Das hat bei mir rumgezickt. Gut funktioniert hat die Anleitung im README (Punkt 4 MOUNTING):

gzip -dc /usr/share/doc/davfs2-0.2.4/README.gz | less

Der Eintrag in der ~/.davfs2/secrets lautet für GMX:

http://mediacenter.gmx.net     <kundennummer>            <passwort>

----------

## misterjack

 *Wolle wrote:*   

> 
> 
> Das hat bei mir rumgezickt. Gut funktioniert hat die Anleitung im README (Punkt 4 MOUNTING):
> 
> gzip -dc /usr/share/doc/davfs2-0.2.4/README.gz | less
> ...

 

zless /usr/share/doc/davfs2-0.2.4/README.gz is doch wesentlich einfacher  :Wink: 

----------

## firefly

oder einfach nur less  :Wink: 

gruß

firefly

----------

## Wolle

 *misterjack wrote:*   

> zless /usr/share/doc/davfs2-0.2.4/README.gz is doch wesentlich einfacher 

 

 *firefly wrote:*   

> oder einfach nur less 

 

Ihr habt ja recht. Als ich 'less' kennengelernt habe (1994), ging das noch nicht oder diese Funktion ist an mir vorbeigegangen.

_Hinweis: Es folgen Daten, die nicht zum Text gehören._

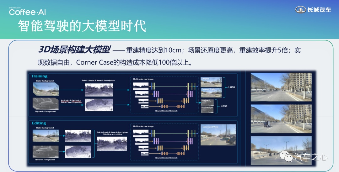 通过 3D 重构加上自动插入目标物范式,重建精度可以达到 10cm,这也使得场景还原度、重建效率更高,面对 Coner case 的构造成本也降低了百倍以上。

Sowas habe ich öfters - ich bitte um Nachsicht  :Smile: 

----------

## return13

Okay, nach kernelupdate hab ichs jetzt soweit das es läuft - nur krieg ichs nicht hin wies in der README steht

er mountet zwar, nur fragt er mich jedesmal nach usernamen und nachm Passwort...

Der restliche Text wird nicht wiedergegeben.